Abstract from my September 2020 master's dissertation:

An investigation was conducted into a 40 GB, 326 million record event dataset. This dataset contained anonymised event information representing performance, availability and security issues of 172,000 network devices from approximately 150 different customers. It was hypothesised that network device event data gathered from one customer environment could be used to predict events in another customer environment. After analysis of the dataset, a binary model was developed to predict when a process might request too much compute resources on a device. The model was developed on one set of customer data and tested on another unseen set of customer data. The Matthews correlation coefficient for the model on the unseen test data was 0.66, the F1 score was 0.72, and the False Negative rate was 27%. This was a substantial improvement over a model with no skill.

If you need something to read before you go to sleep, the full dissertation is at dissertation.pdf

1. Data

   • /data/data1k.csv
   • /data/data1m.csv
   • /data/long_cpu_hog_prod126.csv

2. Graphs

   • /code/graphs.R - some of this won't work because of MySQL dependency

3. Data Preparation - needs MySQL DB

   • /code/script1.sql
   • /code/script2.sql

4. Data Manipulation

   • /code/data_prep_cpu_hog-exp1.r
   • /code/data_prep_cpu_hog-exp2.r
   • /code/data_prep-exp3.r

5. Train and Test

   • /code/multivariate_cpu_hog_labels.ipynb
   • /code/multivariate_cpu_hog_module.ipynb
   • /code/xgboost_exp3.ipynb

Does my code really work? Try it here:

1. Download and unzip the data files (You'll need an app that handles split zipped files; I used PeaZIP)
2. Run graphs.R files (some parts won't work because of the RStudio MySQL DB connector dependency)
3. Run Data Manipulation Code
4. Run Train & Test Code (you may need to make some edits if you don't have NVIDIA CUDA installed)

Some example graphs from the paper.

Conslusions from the dissertation:

To summarise, a machine learning classifier was developed for predicting a CPU hogging issue using a network event dataset. This data was generated by the Connected TAC service provided by Cisco Systems. The classifier was trained on one set of customer data and tested on an unseen set of data from other customer’s environments. Even though that dataset was not developed specifically for event prediction, the classifier was found to have some efficacy in predicting CPU hogging events.

The current classifier would need to be refined and developed further prior to production.

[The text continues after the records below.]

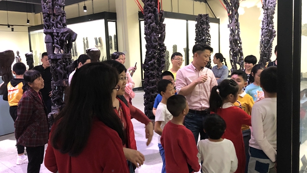 也許是被熱情的笑容和鼓舞所感染,天真活潑的小朋友們一到現(xiàn)場(chǎng)便與非洲大哥哥大姐姐們迅速的打成一片,毫無距離感。在非洲哥哥姐姐們的鼓聲引領(lǐng)下,同學(xué)們首先來到非洲文化博物館,由于大家都是第一次接觸非洲藝術(shù)品,哇哇哇的贊嘆聲此起彼伏,博物館工作人員瞬間被大家緊緊包圍,對(duì)各種藝術(shù)品提出了無數(shù)個(gè)五花八門的問題,真正成了“十萬個(gè)為什么”“案發(fā)現(xiàn)場(chǎng)”?!榜R賽人為什么住牛糞房子啊?”“木頭為什么是黑色的啊”“坐了酋長(zhǎng)椅是不是就可以做酋長(zhǎng)了?”……由于同學(xué)們第一次這么近距離接觸非洲文化,實(shí)在是太好奇太熱情,與各種藝術(shù)品親密接觸拍照、坐酋長(zhǎng)椅體驗(yàn)“做酋長(zhǎng)”的感覺、甚至工作人員也“網(wǎng)開一面”讓大家騎在大象和獅子木雕上盡情玩耍,導(dǎo)致原本計(jì)劃半小時(shí)的參觀時(shí)間足足一個(gè)半小時(shí)才結(jié)束。
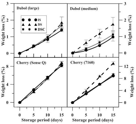 Changes in weight loss of four tomato cultivars over 15 days of storage under IS (immediate storage), DS (storage delayed 24 h), and DSC (storage delayed 24 h under cover) postharvest treatments.
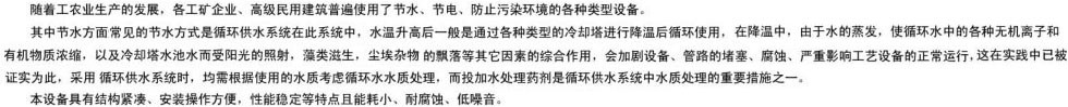 3. 计量装置及投加方式:JY系列中有两种:(1)是采用计量泵投加。(2)用水射器投加,转子流量计计量。如泵前投加,水射器可以不用,水射器需要压投入在2kg/cm

However, if implemented in real-time, a crowdsourced prediction classifier could potentially be used to complement the existing knowledge-based Connected TAC service.

In addition, it is hypothesised that the methodology could be extended to other devices and other external performance-related issues, such as memory. However, it is unknown if it could be applied to internal issues like configuration errors. Perhaps approaches like process mining, which attempts to discover dependencies between events, might be more successful in exposing those dependencies with configuration errors.